> What the task requires
Print every entry, word for word, and skip the images.

########################################

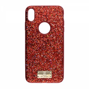 Air Jacket Apple iPhone XS Max Uyumlu Simli Arka Koruma Kılıf (Kırmızı) VR-17821
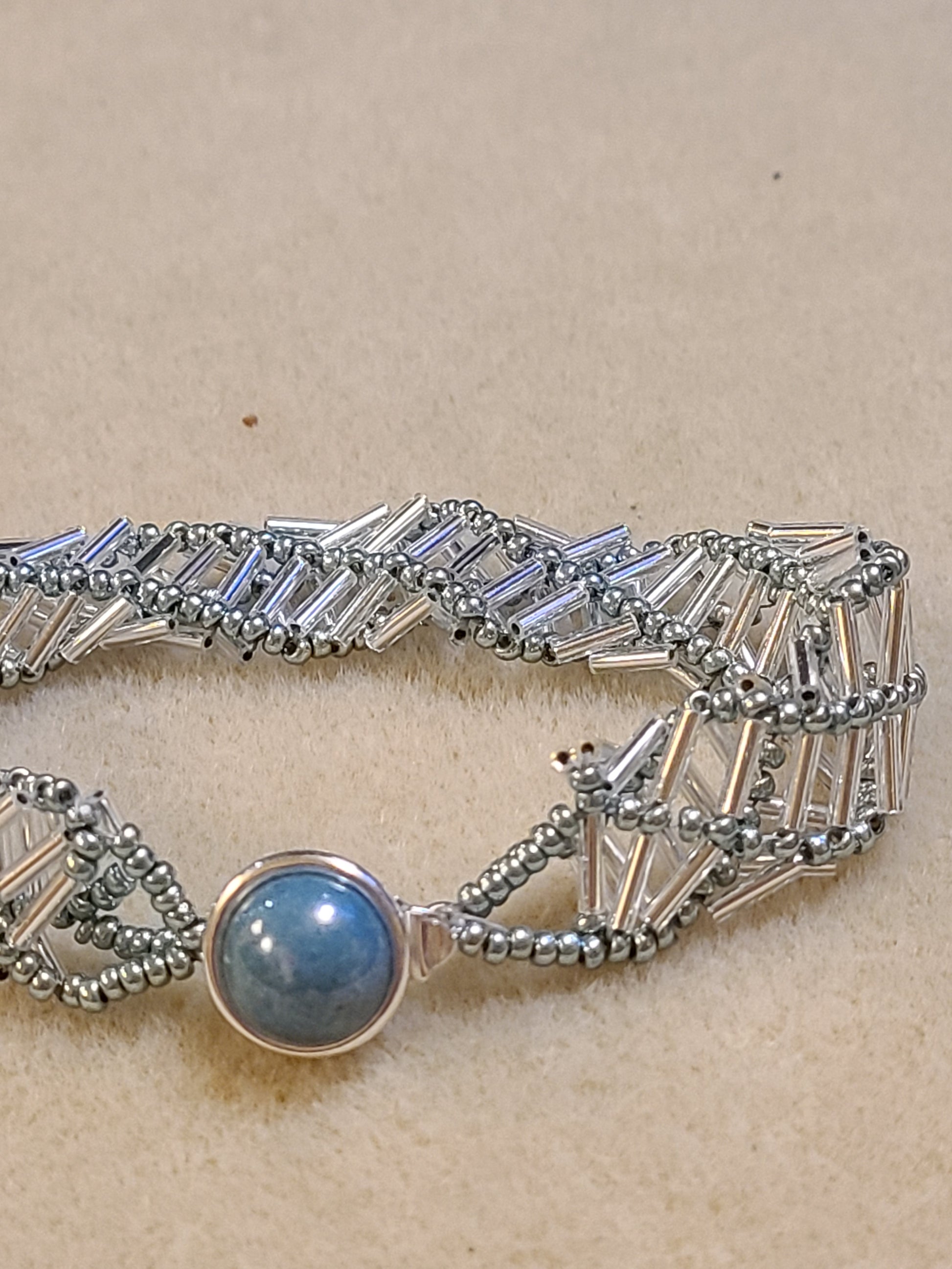 This is hand-beaded with seed beads and bugles. Looks like a some fancy double helix dna.
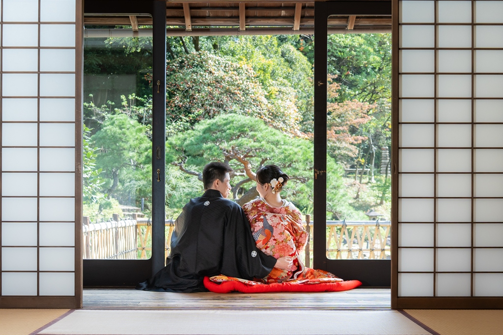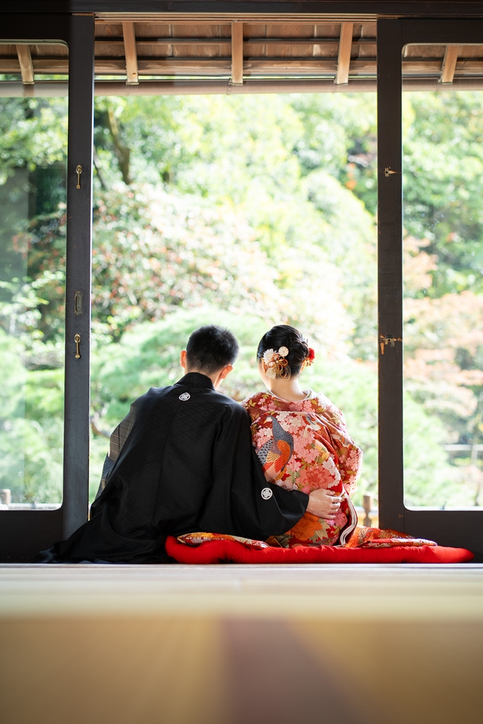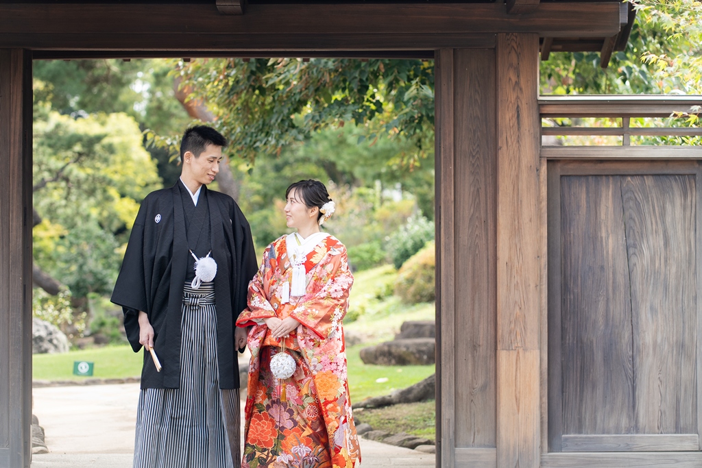 We wanted to take photos at a traditional Japanese location separate from our wedding ceremony. Since we wore a dress and jacket combination at the wedding, we had always hoped to try a photoshoot in traditional Japanese attire. The outfits we saw prior to the shoot were beautiful, which made us even more excited for the day. - FROM
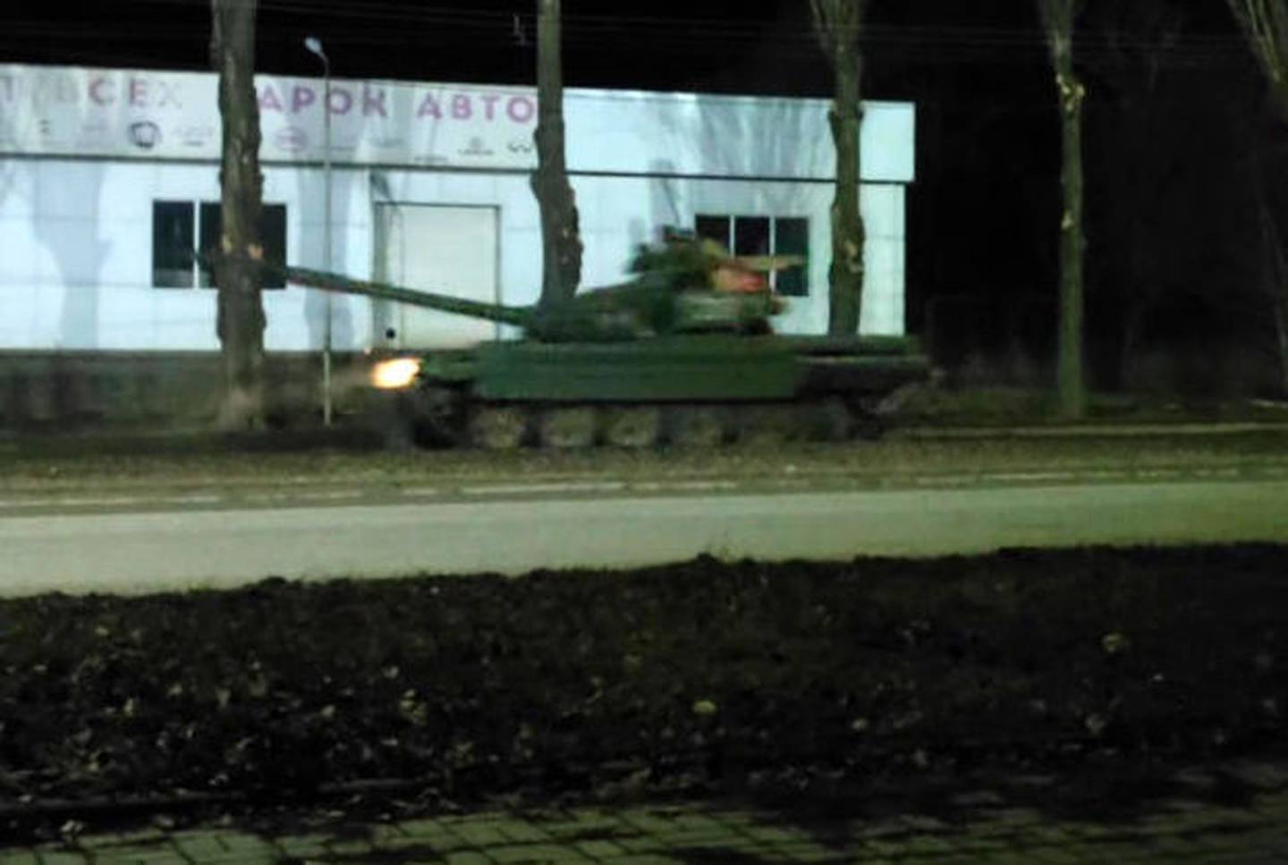 Russian military tanks advance in the Russian separatist-controlled part of the Donbas region on February 23, 2022. Photo / Getty Images
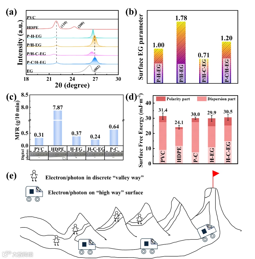 图2功能表面的形成机制(a)XRD曲线;(b)表面EG参数;(c)MFR;(d)表面自由能;(e)导电机制及其提高效率的示意图。
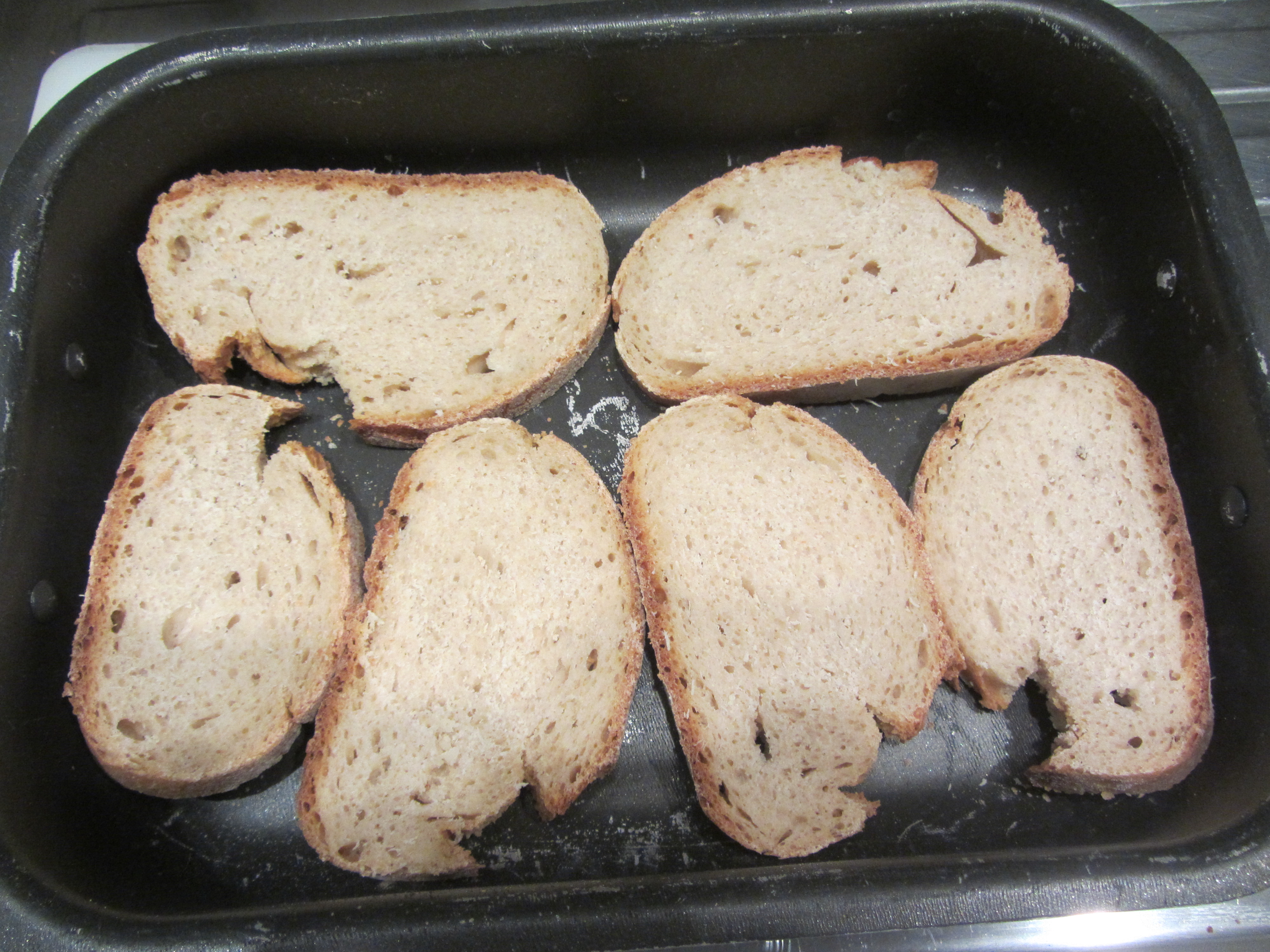 Tagliate tante fette alte un dito e in numero sufficiente a coprire il fondo di una teglia e tostatele a 180°C per 15 minuti, girandole a metà del tempo.

########################################

> Your response
 Air Jacket Apple iPhone XS Max Uyumlu Simli Arka Koruma Kılıf (Kırmızı) VR-17821
 This is hand-beaded with seed beads and bugles. Looks like a some fancy double helix dna.
 We wanted to take photos at a traditional Japanese location separate from our wedding ceremony. Since we wore a dress and jacket combination at the wedding, we had always hoped to try a photoshoot in traditional Japanese attire. The outfits we saw prior to the shoot were beautiful, which made us even more excited for the day. - FROM
 Russian military tanks advance in the Russian separatist-controlled part of the Donbas region on February 23, 2022. Photo / Getty Images
 图2功能表面的形成机制(a)XRD曲线;(b)表面EG参数;(c)MFR;(d)表面自由能;(e)导电机制及其提高效率的示意图。
 Tagliate tante fette alte un dito e in numero sufficiente a coprire il fondo di una teglia e tostatele a 180°C per 15 minuti, girandole a metà del tempo.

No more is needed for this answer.